I got my mind set on you

I’m definitely one of those people that when I decide I want something, I will do everything in my power to get it or make it happen. My OCD kicks in, and trying to change my mind is pretty much a lost cause. Such was the case with the Toyota Yaris. I saw those little hatchbacks driving down the street and I just fell in love.

So I made it part of the plan. Sell the big car, get a small one, save $15 on every tank of gas. Makes sense to me!

I have to admit, the day before I went to trade in my old car I got to thinking about everything that had happened in my life since I bought that car and it made me a little weepy.

The CR-V was a bit of an impulse buy. I took my Civic to get an oil change, and while I was waiting I wandered over to the showroom to peek at new cars. I’d been thinking I needed to upgrade to a bigger car after all the trouble I’d had navigating my car through Iowa winters. The truth is that all I needed was front wheel drive and a few lessons on snow driving, but that was only part of why I wanted the car. I’d never had a new car before. I’d never walked into a dealership and stood on my own two feet through the oh-so-fun process of wheeling and dealing. I’d just moved into my first apartment I could call my own. This was the next big step.

So I did it, and I was pretty proud of myself. I talked the saleswoman down twice until I got a price I could handle. And then I drove my baby home. It snowed less than a week later. And as my parents like to recall, I told them it was “not an issue.”

I packed that car to the ceiling when I found out I was moving to Colorado. I drove it to Iowa and back several times in 2005. And I packed it to the ceiling when I found out I was both losing my dream job and yet finally getting to live with Mike. Then together we drove it all the way to South Carolina and back in 2006.
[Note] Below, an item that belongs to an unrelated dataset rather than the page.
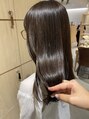 赤みを取るオリーブを混ぜた落ち着いたブラウンベージュカラーです。暗めなのでツヤ感も増し増しです◎カットもロングが綺麗に見えるようなレイヤースタイルがオススメです。

I don’t know. After all that, the car just meant a lot to me. In some ways it was my companion. I couldn’t let it go without a thorough vacuum and scrub.

But it was also part of the reason I’ve struggled so much financially the past few years. Sometimes getting what you want means getting what you shouldn’t. And that car just wasn’t a good match for someone who spends 90 percent of her time driving alone. Reggie sure loved to hang her head out the window and let her tongue dangle in the breeze. Now she’ll have to compromise in the back seat of the purple car. I don’t think she’ll mind too much. As long as she’s going somewhere with us.

I hope the Yaris is the next step in truly living what we believe. It’s rated at 36 mpg on the highway (which means it can get even more), so it should significantly lower my gas bills. It probably won’t be the right car for us forever, but it’s great for now. And let’s face it, it’s cute as hell.